If you want to feel simultaneously like crying and cheering, I suggest attending your local Weight Watchers meeting. I haven't written about my history with WW (as Weight Watchers will henceforth be known as) with any regularity in years. You see, I started my first WW program in the Spring of 2005 as a fluke. I went to support a close girlfriend who was embarking on a weight loss journey. It turns out I quickly fell in love with the group leader (she was hilarious and supportive) and starting shedding some lard. I decided to stick with it over the summer and by the Fall of my senior year I was back at school and 22 pounds lighter. I felt like a million dollars. I've stopped and started WW probably a dozen times since then. I'll track my points and stay on plan for two weeks, lose a few pounds, and then something will come up. A birthday dinner, a happy hour, a boozy brunch, a weekend away, a wedding, a bridal shower, a vacation, etc. Something is always going to come up. Yet, for an entire summer while enjoying myself living in the NYU dorms and acting like a moron, I managed to stay on plan. So why can't I seem to do it now?
Last night's meeting was an eye-opening experience.
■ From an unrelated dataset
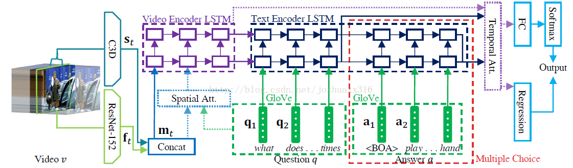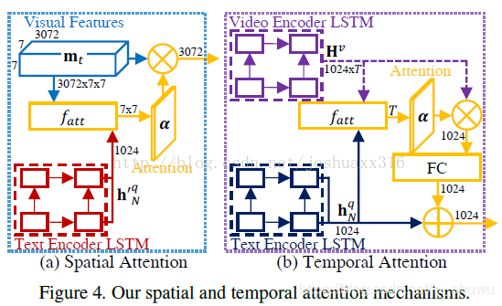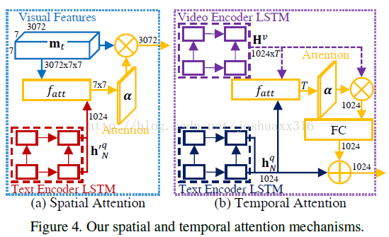 对与视频转文字,图像转文字,VQA问题啊,这种task都需要视觉信息,那么和text信息一样,对visual content进行编码了以后,将编码后的特征表示直接接入解码器,可以得到我们想要的输出,例如text sentences。这就是基础的结构,但是现在加入空间Attention之后,如何改变结构呢。

A very nice lady who lost 90 pounds in the last year (yes, you read that correctly, she lost the equivalent of my sister in the last year) was discussing her struggles in accepting her fate as a food addict. She spoke about crying in restaurant bathrooms out of frustration. Why her? Why didn't her boyfriend or any of her friends have to worry about what they ate? Another inspirational woman in the room spoke up. She replied: everyone has their shit. Some people suffer from depression, some suffer from cancer, some suffer from poor eye sight, some are starving. Everyone has their shit. Acceptance is key. I almost cried. I have written about this very same frustration on the blog several times before. I just need to accept it. I need to work on accepting it every single day. The whole "one day at a time thing" is also helpful in situations like these. Even thinking about tracking points for a week makes me sweat. I can literally only think about today and perhaps tomorrow. This must be what heroin addicts feel like the first week of rehab. Holy shit how am I going to do this??? I laid in bed last night thinking exactly that for over an hour.
The truth of the matter is, I haven't found a way to control my eating any other way. Perhaps one day I will be able to be left to my own devices and eat like a normal person, but alas this day hasn't come yet. So I don't like to think of this blog as a "weight loss" blog any longer, but apparently it's going to be for a while. I'll still post all my random musings, but if I don't post about my WW experiences, apparently I seem to give up on them quite quickly.
I'm eating my slice of humble pie and admitting that I need this blog to feel accountable. Get ready for the ride of your lives.